Problem description
Using the data below, print exactly the line with "Após uma venda, o", the line with "where ωc is", and every line between them, but none of the pictures.

The data
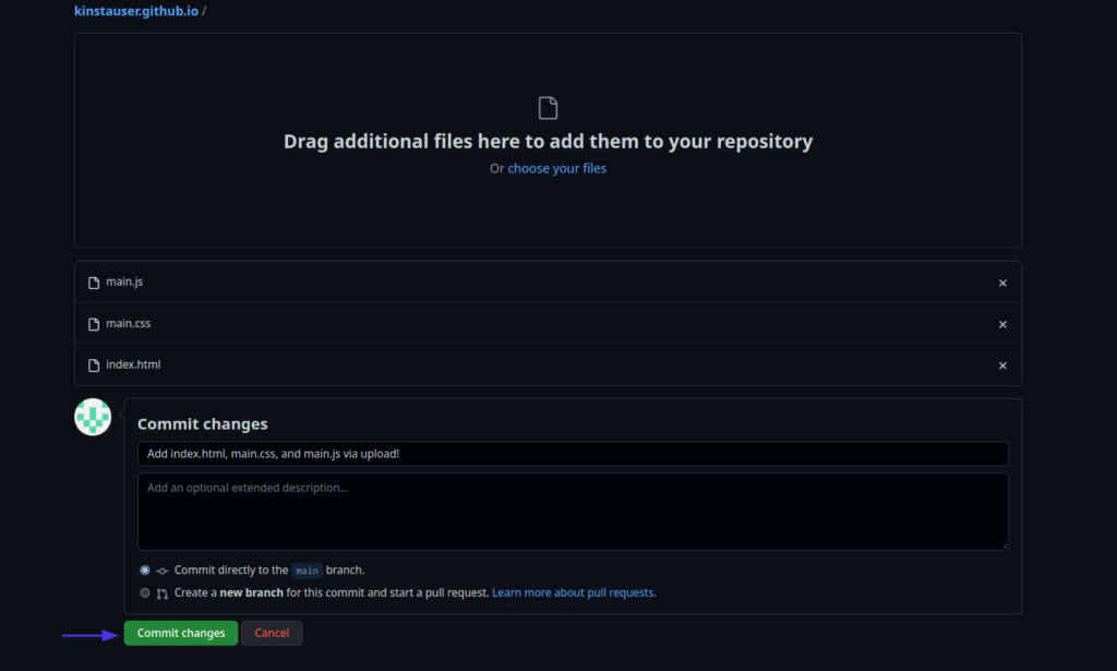 ในการทำเช่นนี้ ให้คลิกเมนู Add file ในที่เก็บของคุณ แล้วเลือกตัวเลือก อัปโหลดไฟล์ จากนั้นเลือกไฟล์ของเว็บไซต์ของคุณ โดยมีไฟล์ HTML หลักชื่อ index.html อย่าลืมใส่ไฟล์ CSS และ JavaScript ทั้งหมดของคุณในที่เก็บข้อมูลด้วย
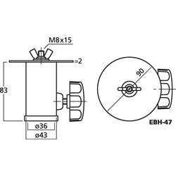Vhodný pro stativy se standardním průměrem (Ø 35 mm) v černém lakovaném ocelovém provedení M8x15 mm svorník se závitem s křídlovou maticí maximální zatížitelnost 7,5 kg
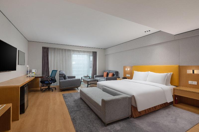 Estratégicamente ubicado en el Edificio 2, Zhengrong Rainbow Valley, South Yanxiang Road, en el nuevo distrito de Qujiang. Esta zona alberga el mundialmente famoso complejo histórico y cultural de la Gran Pagoda del Ganso Salvaje, así como otros lugares históricos, y se considera el núcleo económico, político y cultural de Xi'an. El hotel está junto al Centro de Asuntos Gubernamentales del nuevo distrito de Qujiang, el Xi'an Qujiang e-sports Center y el Qujiang Cultural and Creative Valley, con fácil acceso al transporte público. Se encuentra a solo 5 minutos en coche de la entrada a la autopista Qujiang Express y cerca de las líneas 4 y 5 del metro, lo que facilita tus desplazamientos. Disponemos de habitaciones elegantes, sencillas y confortables, donde podrás disfrutar de un sueño reparador, un baño revitalizante y otras experiencias relajantes. El desayuno buffet, con opciones chinas y occidentales, está incluido en el precio de la habitación. También contamos con un gimnasio para que puedas mantener tu rutina de ejercicios, y un centro de negocios equipado con ordenadores multifunción, escritorios y otros servicios como acceso a internet, espacio de trabajo e impresión (de pago). Además, el hotel dispone de 3 salas de reuniones estándar, ideales para celebrar conferencias y reuniones en un ambiente cómodo. Ya sea por negocios o por placer, nuestro hotel será una elección inteligente para tu estancia.
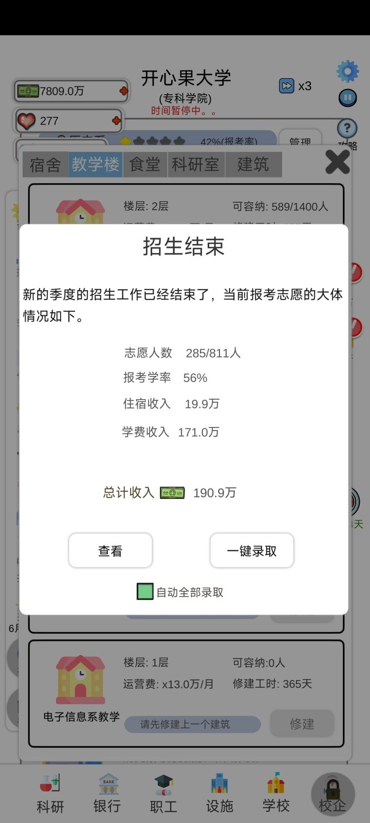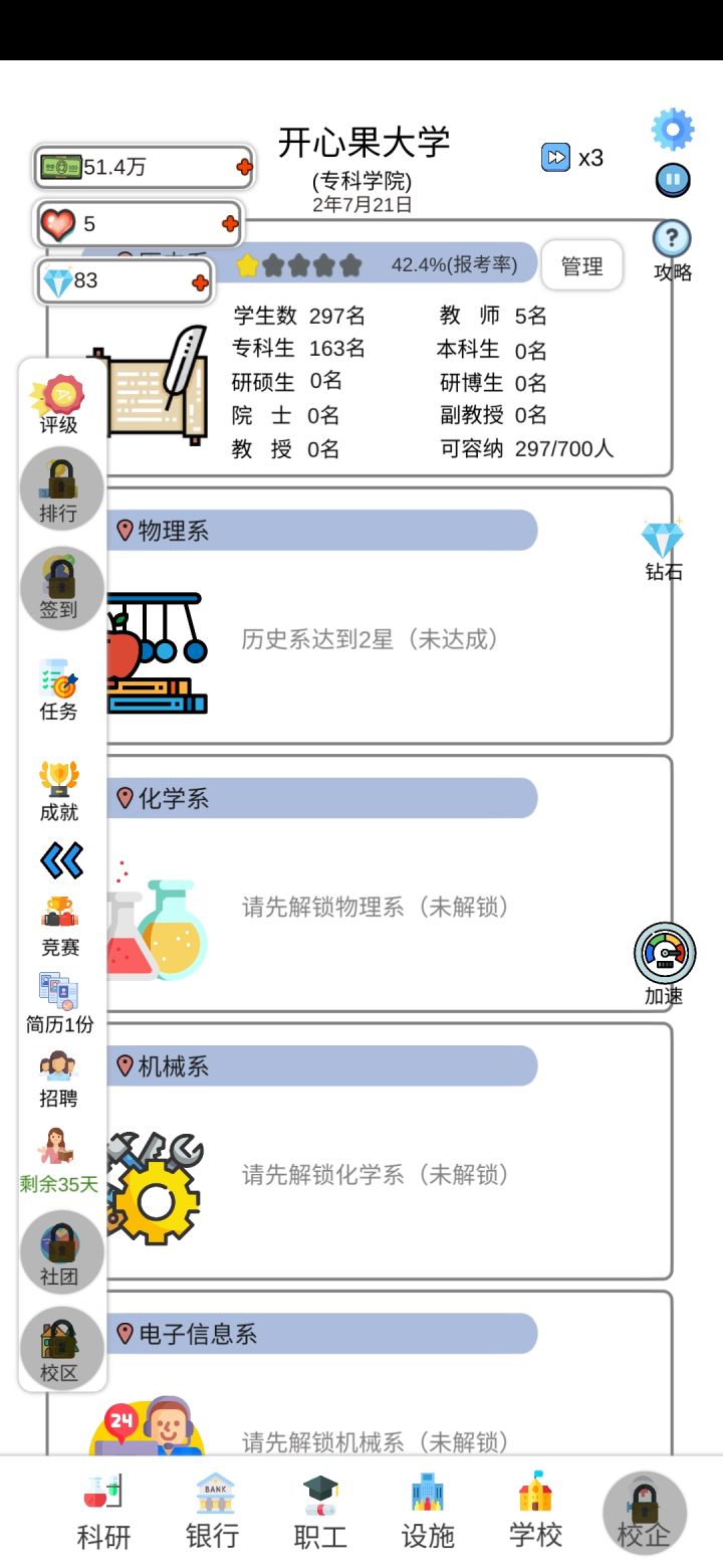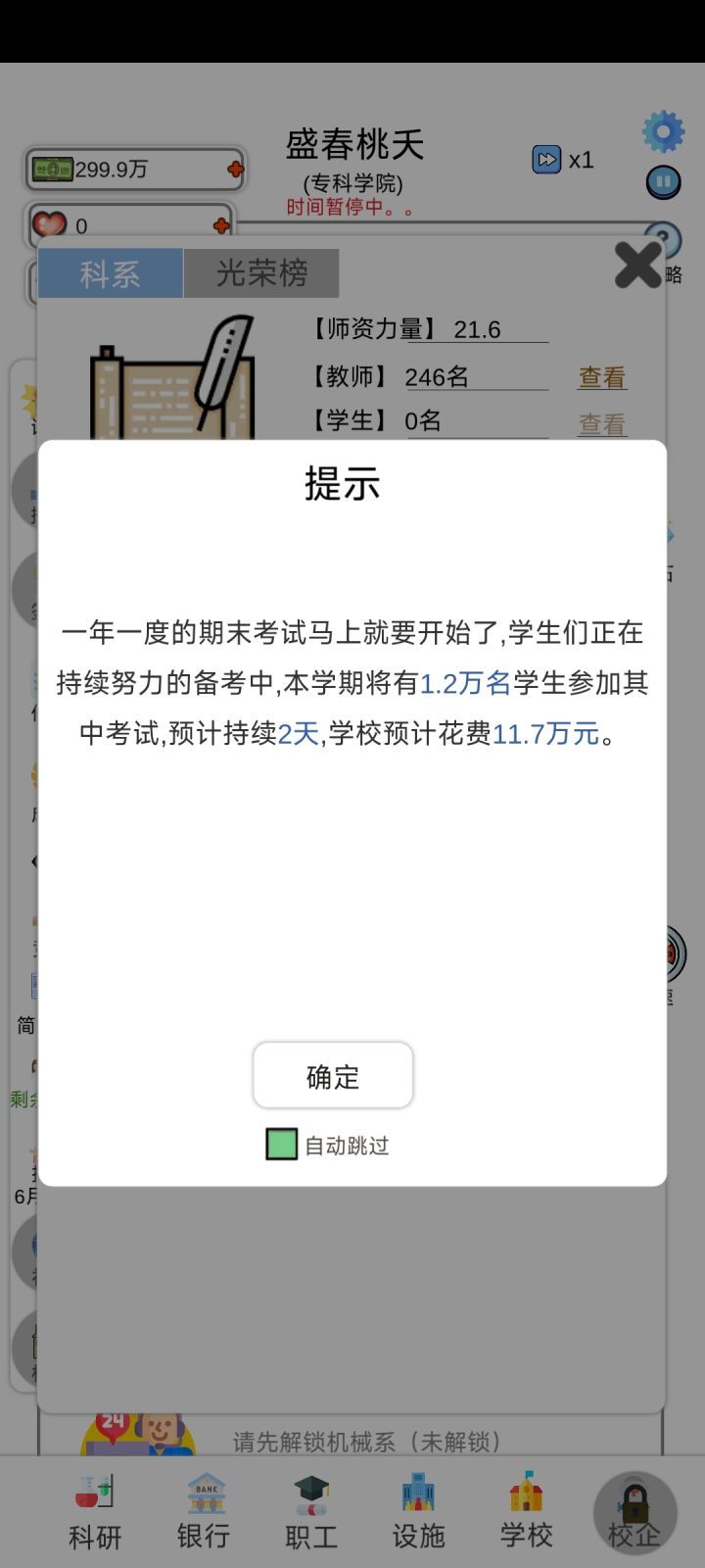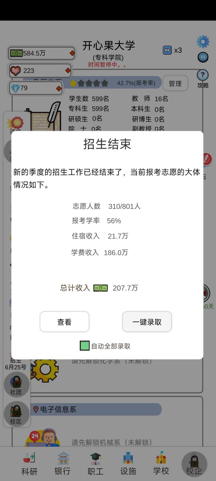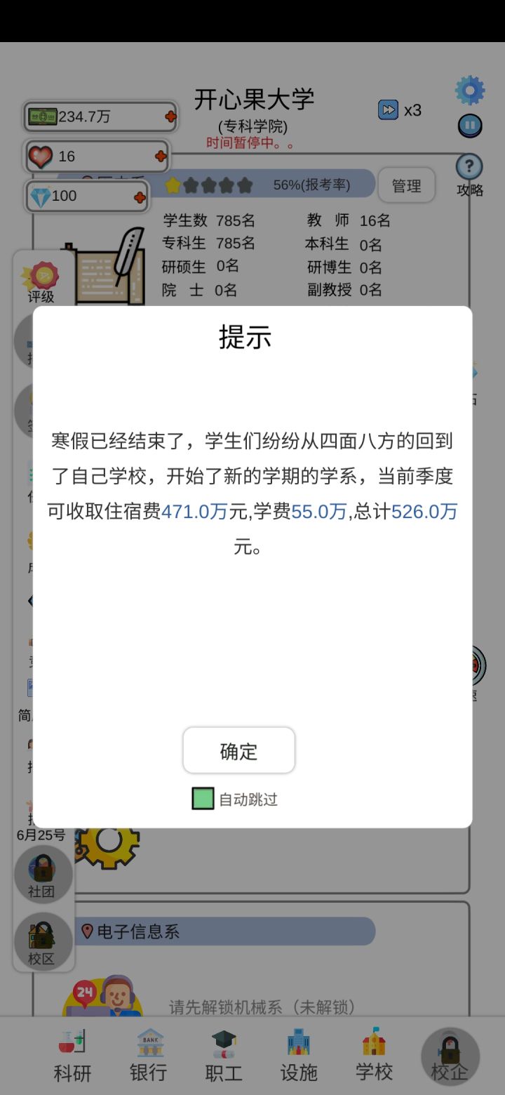 接连两次满足了大学升级条件,而且还有弹窗通知大学等级上升,但是大学等级都没有任何变化
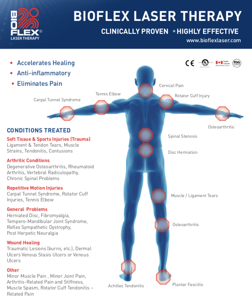 It helps resolve pain and other symptoms, without any side effects. It reduces inflammation, promotes tissue repair, decreases pain, reduces edema, improves mobility, and reduces the need for medication.
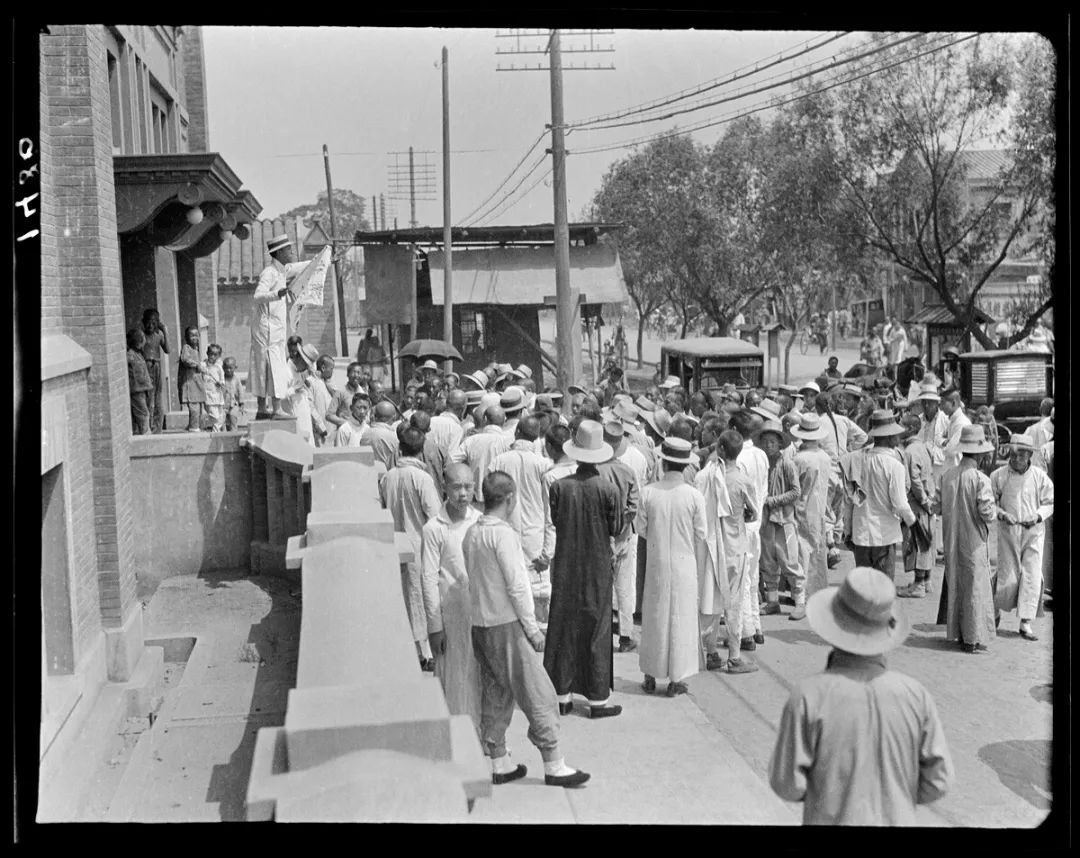 “五四运动”存留的新闻照片数量实在太少,且拍摄者不详,辗转使用的结果,画面往往模糊不清。难得像甘博这样的连续跟踪拍照,且底片保留良好,还注明了拍摄时间和主题(虽不太准确)。仔细推敲这些老照片,将其与历史档案、新闻报道乃至回忆录等相对照,深入发掘其历史文化内涵,是可以构建较为完整且可信的“演说现场”的。
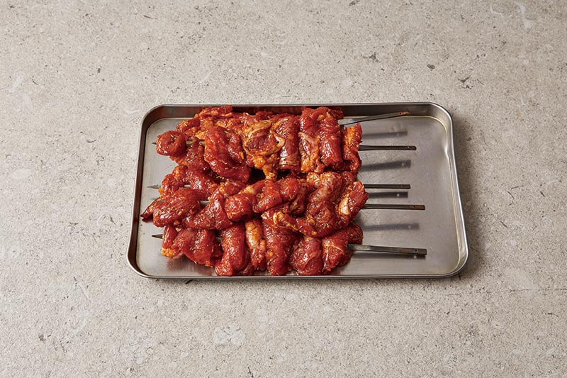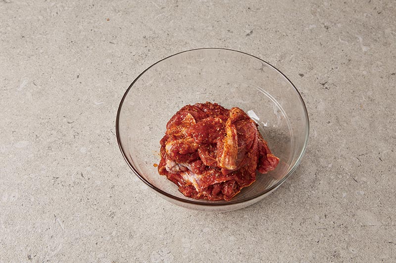 밑간 재료를 골고루 섞어 양고기를 30분간 숙성해주세요.
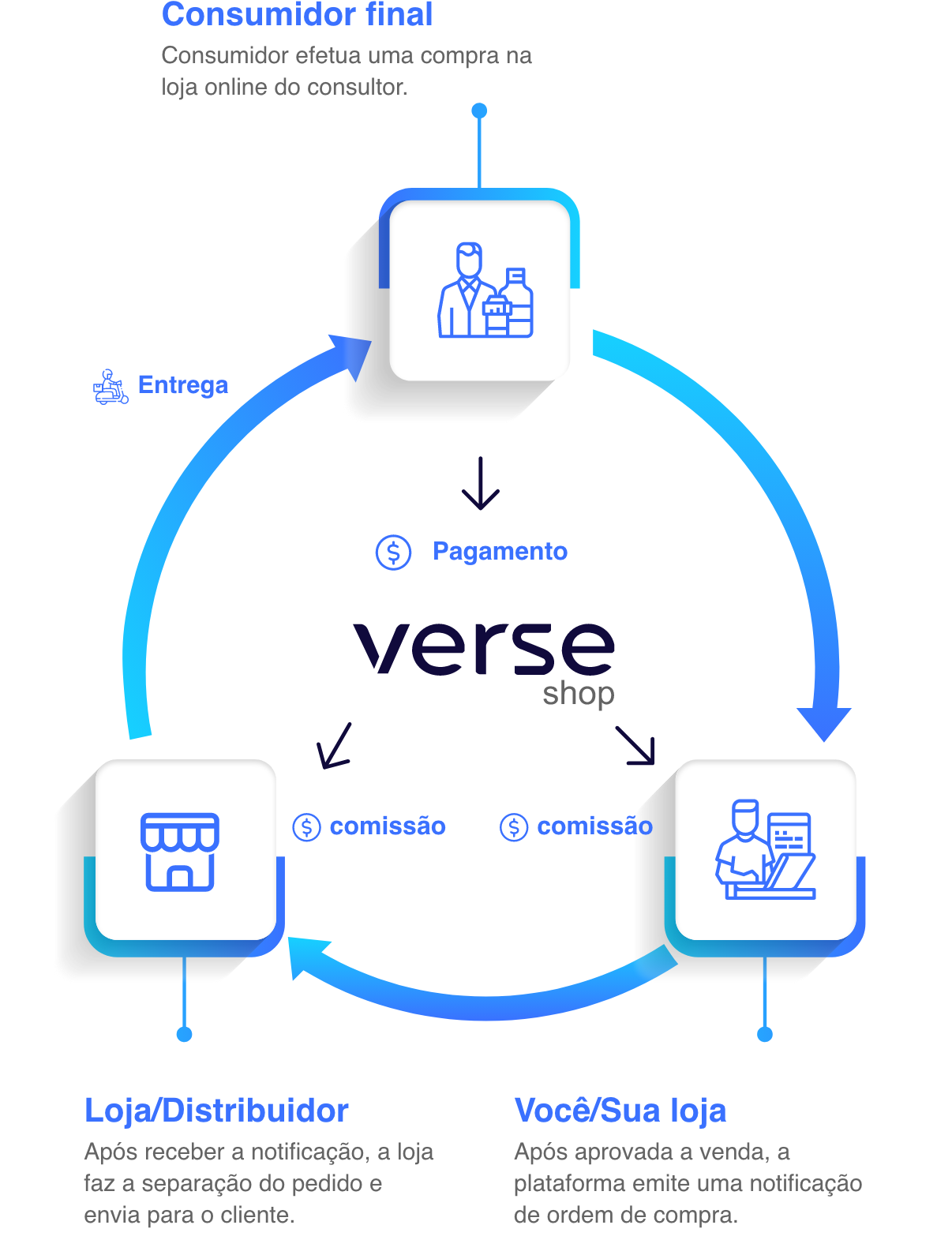 Após uma venda, o distribuidor parceiro da Verse é notificado, prepara o pedido e realiza a entrega diretamente ao cliente via tele entrega ou correio. Todo o processo é automatizado.
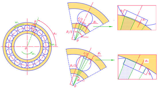 where ωc is the rotation angular speed of the cage, and N is the number of single row rollers. It can be expressed as:
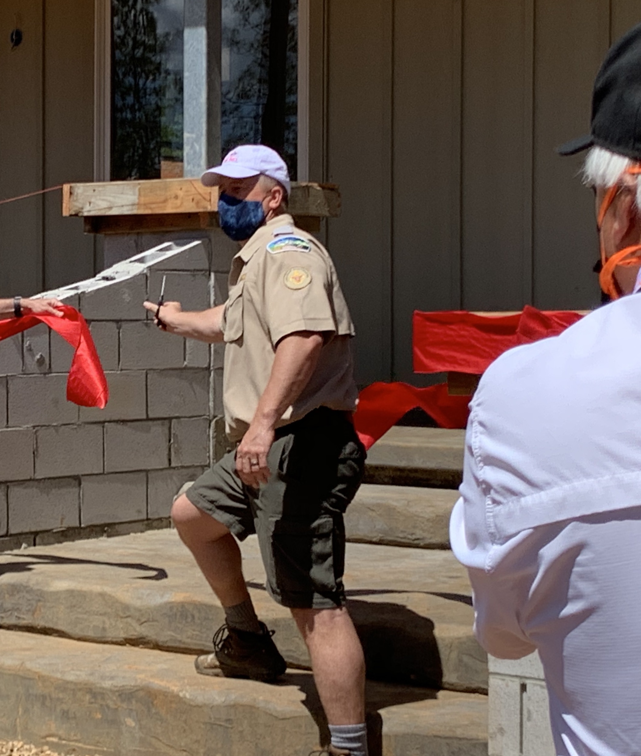 Even during these uncertain times, progress is still being made at NorCal–this past Friday a small group of GEC board members held an outdoor Board of Directors meeting to celebrate a number of achievements. With masks on and appropriately spaced camping chairs, the board conducted a ribbon cutting of the new Welcome Center, broke ground on the new Training Center site and conducted the first training related event on the site–a Wood Badge beading for three members of the Beaver Patrol from course WE-47-18-1.
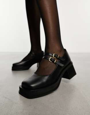 Shoes by WALK LONDON These shoes + you = solemates Adjustable strap Pin-buckle fastening Square toe Chunky sole Mid block heel
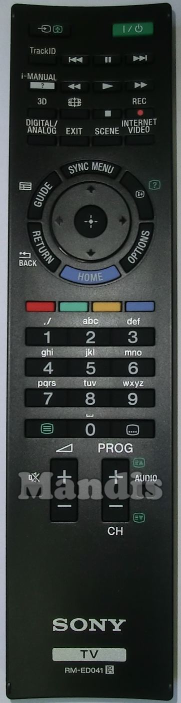 INPUT, POWER, TRACK ID, I<<, PAUSE, >>I, I MANUAL, <<, PLAY, >>, 3D, [+], STOP, REC, DIGITAL/ ANALOG, EXIT, SCENE, INTERNET VIDEO, OK, UP, DOWN, RIGHT, LEFT, SYNCMENU, HOME, OPTIONS, [i+]/[?], GUIDE, RETURN/ BACK, RED, GREEN, YELLOW, BLUE, 1, 2, 3, 4, 5, 6, 7, 8, 9, 0, [≡], [...], MUTE, AUDIO, VOL+, VOL-, Prog/CH+, Prog/CH-

Solution for this task
 Após uma venda, o distribuidor parceiro da Verse é notificado, prepara o pedido e realiza a entrega diretamente ao cliente via tele entrega ou correio. Todo o processo é automatizado.
 where ωc is the rotation angular speed of the cage, and N is the number of single row rollers. It can be expressed as:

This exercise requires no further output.